Vertias Software has expanded its product line-up as it continues its move from a storage applications company into a so-called utility software vendor.
At its user group conference in Las Vegas this month the company announced a broadening of its CommandCentral suite, the next generation
of its i3 application performance management software, a roadmap for technologies gained from its purchase of Ejascent Inc. and a strengthening of its consulting services division.
“”One of the things that came out of the conference was Veritas can deliver on utility computing now,”” said Fred Dimson, general manager of Veritas Canada.
However, he also said that the vision of grid or on-demand computing “”is not prime time yet.”” But he said customers can start to erect building blocks to that goal through the company’s virtualization products.
CommandCentral is the name for a family of applications which brings under a common interface software the company had under different names. Two additions to the suite were announced: CommandCentral Availability 4.0, (which used to be called Global Cluster Manager 3.5), provides centralized cluster visualization and operation control so service level agreements can be met efficiently; and CommandCentral Storage 4.0, which combines Veritas SANPoint Control management software with its Storage Reporter application.
The modules will be available in July for US$20,000 each. The complete CommandCentral suite costs US$64,000.
The company also announced a strengthening of its global services organization by forming four practices: disaster recovery, storage management, application performance management and utility computing.

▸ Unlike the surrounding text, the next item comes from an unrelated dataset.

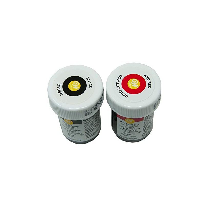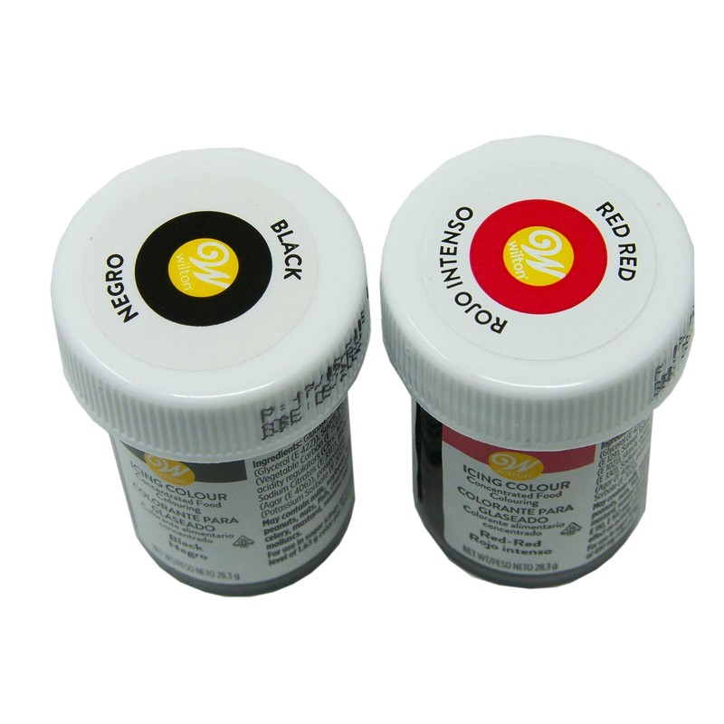 - Wilton Icing Color Black and Red no Taste are concentrated food coloring.

However, Dimson said these are not aimed at displacing VARs but for large projects which resellers can’t handle.
Brian Brown, principal technology advisor at Toronto-based Infostream Technologies who was at the conference, liked the product announcements.

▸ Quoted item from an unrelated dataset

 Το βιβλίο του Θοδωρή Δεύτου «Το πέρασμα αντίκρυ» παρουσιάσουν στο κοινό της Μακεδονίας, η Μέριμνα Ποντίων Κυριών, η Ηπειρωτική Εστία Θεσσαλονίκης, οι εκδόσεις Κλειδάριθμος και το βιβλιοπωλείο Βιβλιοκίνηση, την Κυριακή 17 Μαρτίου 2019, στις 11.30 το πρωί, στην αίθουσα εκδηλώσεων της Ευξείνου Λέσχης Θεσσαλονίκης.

The new version of i3 extends the ability of companies to get an end-to-end view across their entire IT infrastructure, he said, while the additions to CommandCentral will help managers see more of their storage environments.

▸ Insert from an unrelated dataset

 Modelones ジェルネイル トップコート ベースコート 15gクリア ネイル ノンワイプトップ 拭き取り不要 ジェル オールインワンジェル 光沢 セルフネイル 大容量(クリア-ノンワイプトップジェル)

An industry analyst notes the efforts Veritas is making to move from a storage software to a virtualization application company for utility computing could come at a price.
“”My sense is Veritas is working to create a complete stack of software in time for the need (for utility computing) to be perceived by their customers,”” said Dan Kuznetsky of IDC in an interview. “”But if they are late in any particular capability they may not have a product offering in a given area.””
Its strategy of gaining capabilities by buying other companies also has risks, he said.
Canadian VARs and customers will get a closer look at the products at Veritas Vision Canada in Toronto on June 1.